От которых пришлось отказаться. Какие балеты, когда Уля продолжает угасать буквально на глазах? Вчера к Надиному огромному облегчению заявила, что едет в центр «погулять», а вернулась в ночь – с мокрым опухшим лицом, растрёпанная и задраенная на семь замков. Восьмой повесила на дверь в свою комнату. Час рыдала в подушку, не откликаясь на стук и уговоры открыть. Увещевания и призывы перестать убиваться вновь ни к чему ни привели. А сегодня с утра всё продолжилось. Время наедине с Ульяной рождало в Надежде отчётливое ощущение горения в пламени ада.
Что делать, как помочь, не знала. Улины истерики оставляли душу в состоянии раздрая: внутри пышно разрасталось чувство вины за содеянное, а в голове крепло убеждение, что, пойдя на разговор с Егором, уберегла дочь от непоправимого. Ведь всё так! Что случилось бы с Улей, поиграйся сосед в «любовь» чуть дольше? С крыши бы сошла! Не стало бы Улечки…
От мыслей о том, к чему его баловство могло привести без её вмешательства, в душу колючая проволока вонзалась, мозг переставал соображать хоть как-нибудь, и давление взлетало в космос. Сколько раз за этот месяц Надежда молилась – не счесть. Сколько раз отказалась от мысли о вызове скорой, боясь, что её упекут в больницу, и Ульяна на неопределенный срок останется дома совсем одна – с десяток. Пару дней назад даже к психологу предложила ей обратиться, а в ответ встретила лишь укоризненный взгляд. И как только у родной матери повернулся язык сравнить её этим деспотом?! С отцом!
Нонсенс!
А в лицо одни лишь попрёки летят. Они же не понимают ничего… Никто! Не видят ужаса, который происходит.

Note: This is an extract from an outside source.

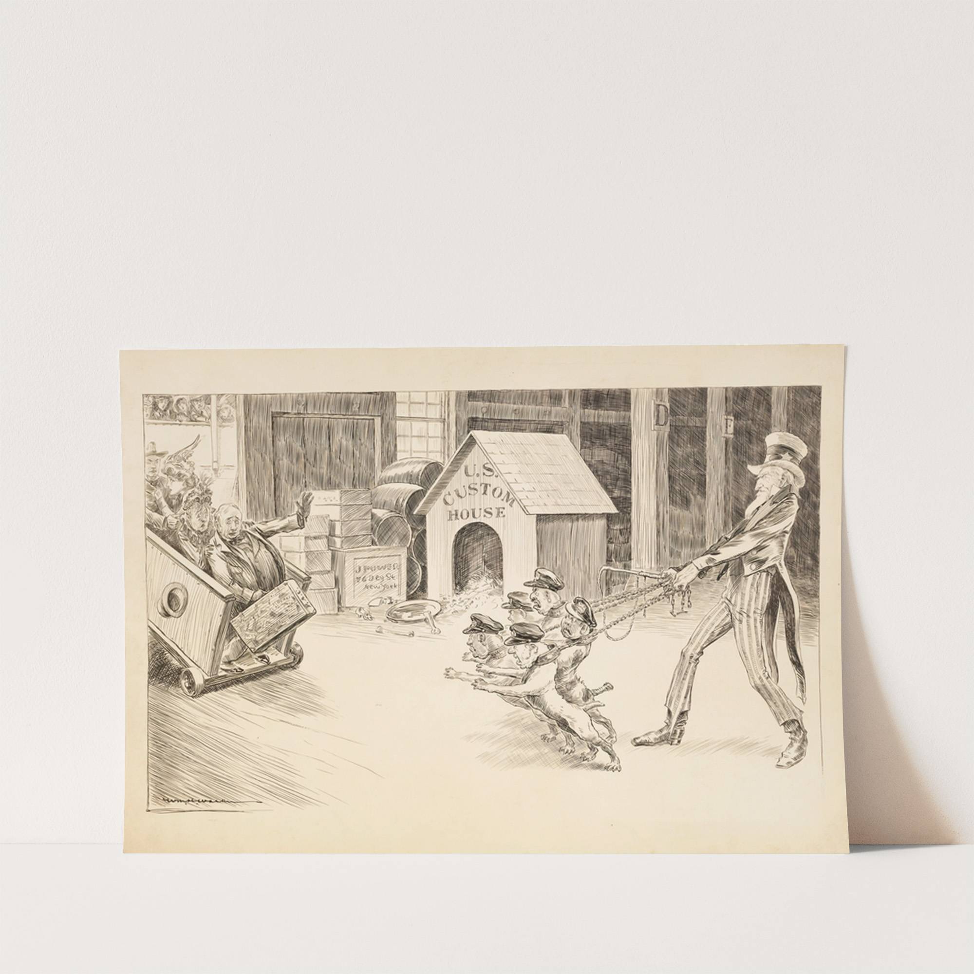 Uncle Sam with U.S. Custom Officials depicted as attack dogs, confronting passengers as they disembark from a ship after a world cruise. (1906) by William Henry Walker - Wall Art Print

Всё-таки попросит Зою оформить ей больничный и будет рядом с дочерью. Будет, потому что Улино состояние с каждым днем пугает всё сильнее. Будет, пусть Ульяна и оградилась, и показывает всячески, что пока мать необъятного масштаба её трагедии не разумеет, доступ к сердцу закрыт. Пусть избегает. Избегает, да. Как ни больно, а признать этот факт придётся. Вот и сейчас – ушла во двор «проветрить голову», несмотря на то, что погода к прогулкам не располагает абсолютно. С тех пор, между прочим, целых полтора часа минуло, а эта упрямица всё не возвращается. Ведь, небось, всю задницу там уже себе отморозила, но, видимо, перспектива заболеть не пугает её так, как мамины «нотации».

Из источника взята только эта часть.